By Jason Eisenberg Community Program Manager for Office Depot
Meet Andrew Lassise. In 2014, Andrew was working for an IT services company that was getting ready to shutter its doors. Instead of looking for a new job, he told the owner that he could still handle the 300-400 customers who still had about three months of subscriptions left in their contract. Once that subscription ended, Andrew could renew them under his new business that began to unfold. He handled every single client himself (from his living room) his first year and made about $36,000. Andrew was happy and proud of himself, but he was working around the clock for that income.
The following year, something clicked for Andrew and his business, Rush Tech Support. He discovered the math behind entrepreneurship and his company’s revenue exploded, making $1.75 million in year 2.
In year 3, people he knew started their own IT company in their garage and reached out to Andrew for help, knowing what he did for his own business. After three months, that company reached $1 million in revenue. Andrew realized he had a formula that could be placed in virtually any industry, so he started working as a business/financial coach. In his five years as an entrepreneur, Andrew now runs Rush Tech Support, Rush Tech Designs, Lassise Coaching and is the host of the podcast, Self Made and Sober.
How did Andrew do all of this – especially with a humble IT background and working in restaurants? Here he shares important lessons he learned through his journey to serial entrepreneurship.
A sharp eye for opportunity
A sound entrepreneur knows when one door closes, another one opens. You just have to take a step back and see the whole house. In 2014, Andrew ran the IT department for a company that was about to close shop in three months. Since it was a relatively small business, Andrew admittedly did all of the customer IT work and knew his clients and what they expected. He made a deal with the former CEO and said he would fulfill their subscriptions until they expired. If those customers wanted to re-up, they’d then go to Rush Tech Support – Andrew’s business. Turning a scary situation into the biggest opportunity of his life, Andrew doubles down on the well-known quote to say:
“When one door closes, EIGHT windows and the doggy door is open.”
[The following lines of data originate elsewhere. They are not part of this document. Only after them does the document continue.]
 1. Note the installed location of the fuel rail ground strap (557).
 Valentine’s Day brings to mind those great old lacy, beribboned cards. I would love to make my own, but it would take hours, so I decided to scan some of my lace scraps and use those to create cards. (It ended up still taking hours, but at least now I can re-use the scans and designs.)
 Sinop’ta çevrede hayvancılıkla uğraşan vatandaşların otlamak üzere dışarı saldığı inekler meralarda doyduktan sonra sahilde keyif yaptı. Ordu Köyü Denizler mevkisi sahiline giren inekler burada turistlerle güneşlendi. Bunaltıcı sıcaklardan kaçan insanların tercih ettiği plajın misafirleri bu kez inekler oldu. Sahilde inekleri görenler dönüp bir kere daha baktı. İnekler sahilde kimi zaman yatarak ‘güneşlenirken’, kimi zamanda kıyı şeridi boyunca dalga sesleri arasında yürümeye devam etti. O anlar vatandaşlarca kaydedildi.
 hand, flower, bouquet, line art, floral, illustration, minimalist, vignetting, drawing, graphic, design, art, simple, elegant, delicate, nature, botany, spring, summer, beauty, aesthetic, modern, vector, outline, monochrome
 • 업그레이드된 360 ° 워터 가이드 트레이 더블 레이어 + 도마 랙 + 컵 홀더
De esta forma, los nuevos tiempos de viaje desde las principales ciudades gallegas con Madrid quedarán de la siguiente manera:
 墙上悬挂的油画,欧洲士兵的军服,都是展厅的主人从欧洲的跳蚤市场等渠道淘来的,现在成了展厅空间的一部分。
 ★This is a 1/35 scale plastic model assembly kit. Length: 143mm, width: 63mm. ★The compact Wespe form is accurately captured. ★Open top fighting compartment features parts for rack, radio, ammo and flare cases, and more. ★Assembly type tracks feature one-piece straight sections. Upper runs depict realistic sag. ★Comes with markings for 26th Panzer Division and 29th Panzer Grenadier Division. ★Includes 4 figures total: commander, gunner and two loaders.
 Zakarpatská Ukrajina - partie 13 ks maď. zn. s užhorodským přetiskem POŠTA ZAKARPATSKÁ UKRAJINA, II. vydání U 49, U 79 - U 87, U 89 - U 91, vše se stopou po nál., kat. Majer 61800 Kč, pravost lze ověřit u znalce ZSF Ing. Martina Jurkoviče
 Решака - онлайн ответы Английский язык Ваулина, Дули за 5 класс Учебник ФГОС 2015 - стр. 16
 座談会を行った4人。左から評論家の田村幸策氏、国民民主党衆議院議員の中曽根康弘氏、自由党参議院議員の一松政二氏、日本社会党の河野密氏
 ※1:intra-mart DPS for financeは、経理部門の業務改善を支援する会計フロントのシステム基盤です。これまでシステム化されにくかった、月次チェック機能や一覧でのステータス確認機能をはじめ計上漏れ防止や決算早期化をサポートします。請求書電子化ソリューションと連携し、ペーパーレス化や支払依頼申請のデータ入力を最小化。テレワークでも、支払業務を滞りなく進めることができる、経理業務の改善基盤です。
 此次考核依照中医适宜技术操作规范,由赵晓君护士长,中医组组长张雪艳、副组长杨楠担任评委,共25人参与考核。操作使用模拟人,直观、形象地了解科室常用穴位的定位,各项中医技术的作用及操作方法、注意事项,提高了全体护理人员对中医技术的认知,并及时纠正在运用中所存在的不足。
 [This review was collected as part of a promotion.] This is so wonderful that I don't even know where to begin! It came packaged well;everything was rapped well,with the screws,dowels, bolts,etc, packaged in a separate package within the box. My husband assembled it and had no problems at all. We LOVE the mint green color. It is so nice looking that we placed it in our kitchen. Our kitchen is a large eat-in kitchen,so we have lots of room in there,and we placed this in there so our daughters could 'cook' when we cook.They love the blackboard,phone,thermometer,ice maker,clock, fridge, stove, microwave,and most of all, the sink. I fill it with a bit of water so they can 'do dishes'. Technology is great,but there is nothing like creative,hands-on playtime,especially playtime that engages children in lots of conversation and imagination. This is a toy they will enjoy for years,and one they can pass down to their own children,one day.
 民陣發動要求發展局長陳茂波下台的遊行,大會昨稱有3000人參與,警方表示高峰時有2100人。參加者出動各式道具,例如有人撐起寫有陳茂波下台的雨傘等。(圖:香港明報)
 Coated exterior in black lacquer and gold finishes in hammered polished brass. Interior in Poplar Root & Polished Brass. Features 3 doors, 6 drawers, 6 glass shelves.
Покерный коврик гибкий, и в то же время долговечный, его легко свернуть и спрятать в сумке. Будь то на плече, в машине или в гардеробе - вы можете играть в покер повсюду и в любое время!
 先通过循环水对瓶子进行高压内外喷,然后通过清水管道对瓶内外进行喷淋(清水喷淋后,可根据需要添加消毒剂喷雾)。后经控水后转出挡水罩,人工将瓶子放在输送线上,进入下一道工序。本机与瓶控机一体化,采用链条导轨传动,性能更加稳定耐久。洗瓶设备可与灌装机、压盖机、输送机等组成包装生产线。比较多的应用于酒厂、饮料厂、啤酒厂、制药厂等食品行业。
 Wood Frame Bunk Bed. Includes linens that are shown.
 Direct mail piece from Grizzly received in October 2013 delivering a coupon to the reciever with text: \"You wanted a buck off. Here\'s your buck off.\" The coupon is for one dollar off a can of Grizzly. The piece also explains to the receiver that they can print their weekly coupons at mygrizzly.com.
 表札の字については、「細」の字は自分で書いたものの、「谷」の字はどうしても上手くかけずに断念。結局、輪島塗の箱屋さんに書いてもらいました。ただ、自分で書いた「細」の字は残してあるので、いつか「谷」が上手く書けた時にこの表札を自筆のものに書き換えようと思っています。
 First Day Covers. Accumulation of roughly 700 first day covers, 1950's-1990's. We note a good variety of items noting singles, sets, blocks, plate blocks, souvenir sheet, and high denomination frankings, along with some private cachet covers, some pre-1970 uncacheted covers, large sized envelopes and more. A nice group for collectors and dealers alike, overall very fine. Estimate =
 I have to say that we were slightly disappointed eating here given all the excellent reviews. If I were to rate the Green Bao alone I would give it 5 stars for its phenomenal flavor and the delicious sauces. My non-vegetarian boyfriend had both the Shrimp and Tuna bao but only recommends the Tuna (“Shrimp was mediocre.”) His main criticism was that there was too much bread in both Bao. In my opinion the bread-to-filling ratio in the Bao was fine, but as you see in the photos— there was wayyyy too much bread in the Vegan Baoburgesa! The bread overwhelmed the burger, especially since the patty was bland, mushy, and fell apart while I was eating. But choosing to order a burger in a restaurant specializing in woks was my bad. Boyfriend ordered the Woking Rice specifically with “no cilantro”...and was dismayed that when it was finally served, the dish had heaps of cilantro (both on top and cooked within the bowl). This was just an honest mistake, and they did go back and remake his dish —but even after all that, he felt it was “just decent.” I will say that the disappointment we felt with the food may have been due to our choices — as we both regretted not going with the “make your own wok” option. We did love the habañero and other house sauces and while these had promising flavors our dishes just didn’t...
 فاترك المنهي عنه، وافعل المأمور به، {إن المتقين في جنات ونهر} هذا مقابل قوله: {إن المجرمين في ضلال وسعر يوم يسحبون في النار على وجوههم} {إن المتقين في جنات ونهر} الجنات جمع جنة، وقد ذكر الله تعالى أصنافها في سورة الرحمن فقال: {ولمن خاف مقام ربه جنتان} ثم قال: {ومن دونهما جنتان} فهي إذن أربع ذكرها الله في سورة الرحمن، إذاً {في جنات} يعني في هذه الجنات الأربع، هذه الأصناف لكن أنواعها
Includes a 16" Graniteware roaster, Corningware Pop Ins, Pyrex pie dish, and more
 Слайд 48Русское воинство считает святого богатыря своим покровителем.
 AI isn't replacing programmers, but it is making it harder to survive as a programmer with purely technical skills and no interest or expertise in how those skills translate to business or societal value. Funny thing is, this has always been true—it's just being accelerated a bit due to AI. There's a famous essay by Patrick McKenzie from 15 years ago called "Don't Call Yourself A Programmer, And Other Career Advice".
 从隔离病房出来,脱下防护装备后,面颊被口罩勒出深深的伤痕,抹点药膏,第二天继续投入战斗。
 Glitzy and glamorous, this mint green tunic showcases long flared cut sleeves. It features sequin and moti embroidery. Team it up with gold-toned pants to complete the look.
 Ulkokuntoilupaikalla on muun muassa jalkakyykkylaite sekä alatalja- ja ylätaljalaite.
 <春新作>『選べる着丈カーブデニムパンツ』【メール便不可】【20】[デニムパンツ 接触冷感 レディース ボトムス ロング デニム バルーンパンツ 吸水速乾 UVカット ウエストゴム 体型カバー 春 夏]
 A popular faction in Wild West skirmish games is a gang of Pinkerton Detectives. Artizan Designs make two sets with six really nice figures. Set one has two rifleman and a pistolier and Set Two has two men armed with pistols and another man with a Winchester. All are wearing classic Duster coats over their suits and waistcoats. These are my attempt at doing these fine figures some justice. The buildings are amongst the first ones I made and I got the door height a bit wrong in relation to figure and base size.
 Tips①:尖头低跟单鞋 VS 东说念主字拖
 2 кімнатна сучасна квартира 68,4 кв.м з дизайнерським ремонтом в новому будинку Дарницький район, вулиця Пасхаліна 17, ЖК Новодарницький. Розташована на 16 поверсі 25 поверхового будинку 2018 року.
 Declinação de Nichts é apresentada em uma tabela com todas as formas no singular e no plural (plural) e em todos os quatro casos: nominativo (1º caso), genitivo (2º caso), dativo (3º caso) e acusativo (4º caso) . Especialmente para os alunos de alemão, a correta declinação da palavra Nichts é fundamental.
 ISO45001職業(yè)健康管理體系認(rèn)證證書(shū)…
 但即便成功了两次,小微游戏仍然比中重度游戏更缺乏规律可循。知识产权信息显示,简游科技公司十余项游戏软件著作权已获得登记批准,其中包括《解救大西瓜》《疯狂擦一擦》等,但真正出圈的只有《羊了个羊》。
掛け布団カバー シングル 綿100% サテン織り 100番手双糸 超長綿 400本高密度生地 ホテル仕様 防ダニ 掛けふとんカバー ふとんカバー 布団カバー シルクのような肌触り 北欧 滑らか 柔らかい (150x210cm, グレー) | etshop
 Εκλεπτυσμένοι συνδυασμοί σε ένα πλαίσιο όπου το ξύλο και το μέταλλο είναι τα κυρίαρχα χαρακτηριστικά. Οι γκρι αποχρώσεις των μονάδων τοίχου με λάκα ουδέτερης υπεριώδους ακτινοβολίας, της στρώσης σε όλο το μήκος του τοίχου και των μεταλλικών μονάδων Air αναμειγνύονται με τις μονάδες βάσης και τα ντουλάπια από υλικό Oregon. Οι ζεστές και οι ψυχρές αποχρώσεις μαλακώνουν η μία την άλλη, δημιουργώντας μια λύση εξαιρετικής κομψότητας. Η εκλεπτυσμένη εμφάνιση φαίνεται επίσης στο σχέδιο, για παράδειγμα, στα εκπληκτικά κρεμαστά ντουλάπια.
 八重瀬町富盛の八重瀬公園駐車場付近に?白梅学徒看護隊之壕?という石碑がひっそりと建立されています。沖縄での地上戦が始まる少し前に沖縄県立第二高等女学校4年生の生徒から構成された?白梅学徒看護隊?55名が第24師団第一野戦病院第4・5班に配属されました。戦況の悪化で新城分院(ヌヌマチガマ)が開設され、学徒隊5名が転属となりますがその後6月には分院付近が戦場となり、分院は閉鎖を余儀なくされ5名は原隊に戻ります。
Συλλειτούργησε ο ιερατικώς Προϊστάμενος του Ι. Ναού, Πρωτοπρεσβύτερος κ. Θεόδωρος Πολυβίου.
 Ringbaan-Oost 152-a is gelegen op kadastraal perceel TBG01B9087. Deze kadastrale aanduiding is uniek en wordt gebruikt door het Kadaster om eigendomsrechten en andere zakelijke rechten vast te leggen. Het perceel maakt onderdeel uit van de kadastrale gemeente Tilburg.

Which leads to his next big shift into entrepreneurship – hiring and the math behind entrepreneurship.
The math behind entrepreneurship
Before I share how to capitalize on this math, I want to explain it as clearly as possible. Most people learn through basic math that in order to make money, you trade it for your time. If you want more money, you trade more time. Andrew emphasizes that this is just ONE journey.
There is a multiplication factor in this formula most people don’t pay attention to, because it requires a long-term mindset rather than one of instant gratification. I’ll use Andrew’s example in the video above.
Someone pays me $100 for a project that takes eight hours to complete. I could keep that $100 all to myself and spend 8 hours doing it and at most, I can make $300 in a 24-hour workday.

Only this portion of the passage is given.